Reproduce the listing below exactly. Pictures do not belong in the copy.

> _Dataset extract_:

· · · · · · ·

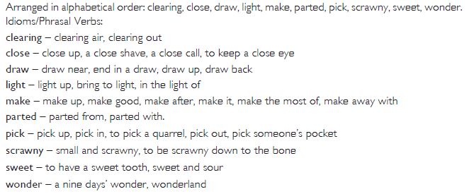 Here are some words from the lesson. Working in groups, arrange them in the order in which they would appear in the dictionary. Write down some idioms and phrasal verbs connected to these verbs. Use the dictionary for more idioms and phrasal verbs.
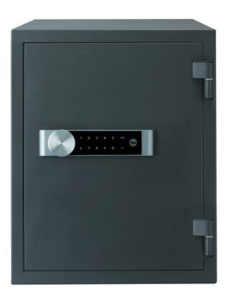 - Up to 1 hour fire protection for documents. - Digital lock with touchpad interface. - Epoxy sealed shell of galvanised steel gives double rust protection. - High security electronic lock (over 1 billion combinations). - Programmable one-time user code - ideal for visiting guests who may need to use the safe for a short period. - Back end bolts secure the hinges from attack. - Tested & accredited to Swedish & Korean standards. - Keypad illuminates when touched. - Re-settable 3 - 12 digit user code. - Programmable one-time user code - ideal for visiting guests who may need to use the safe for a short period. - Privacy number input - real code followed or preceded by random numbers opens the lock. Assists if you suspect your code is being observed by an onlooker. - Silent input - code can be entered without noise or light. - Time lock (if wrong code entered) - can be set from 3 to 9 minutes (factory set 3 minutes). - Lock-down period can be set from 1 to 48 hours. Safe can be shut down and cannot be activated for a given period.. - Ideal if you are away and have other people entering property. Features. Lock type. Combination lock, Flat key. Product colour. Black. Material. Metal. Weight & dimensions. Height. 522 mm. Width. 404 mm
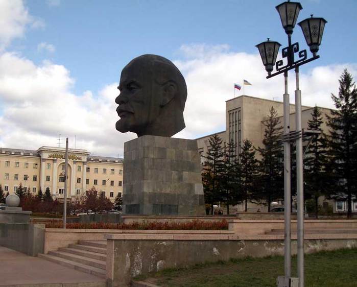 The “big head” was a typical genre of the iconography of Lenin, and a very practical one at that, because, on the principle of pars pro toto and by sparing remarkably much raw material and many working hours, it indicated how gigantic we should imagine the full statue represented by its mere head. Among the many well-known examples of the genre a 14 meters and 12 tons piece stands to this day not far from here, on the main square of Ulan-Ude in Buryatia, commonly called “the head” by the inhabitants of the city.

· · · · · · ·

> _Result of this task_:
 Here are some words from the lesson. Working in groups, arrange them in the order in which they would appear in the dictionary. Write down some idioms and phrasal verbs connected to these verbs. Use the dictionary for more idioms and phrasal verbs.
 - Up to 1 hour fire protection for documents. - Digital lock with touchpad interface. - Epoxy sealed shell of galvanised steel gives double rust protection. - High security electronic lock (over 1 billion combinations). - Programmable one-time user code - ideal for visiting guests who may need to use the safe for a short period. - Back end bolts secure the hinges from attack. - Tested & accredited to Swedish & Korean standards. - Keypad illuminates when touched. - Re-settable 3 - 12 digit user code. - Programmable one-time user code - ideal for visiting guests who may need to use the safe for a short period. - Privacy number input - real code followed or preceded by random numbers opens the lock. Assists if you suspect your code is being observed by an onlooker. - Silent input - code can be entered without noise or light. - Time lock (if wrong code entered) - can be set from 3 to 9 minutes (factory set 3 minutes). - Lock-down period can be set from 1 to 48 hours. Safe can be shut down and cannot be activated for a given period.. - Ideal if you are away and have other people entering property. Features. Lock type. Combination lock, Flat key. Product colour. Black. Material. Metal. Weight & dimensions. Height. 522 mm. Width. 404 mm
 The “big head” was a typical genre of the iconography of Lenin, and a very practical one at that, because, on the principle of pars pro toto and by sparing remarkably much raw material and many working hours, it indicated how gigantic we should imagine the full statue represented by its mere head. Among the many well-known examples of the genre a 14 meters and 12 tons piece stands to this day not far from here, on the main square of Ulan-Ude in Buryatia, commonly called “the head” by the inhabitants of the city.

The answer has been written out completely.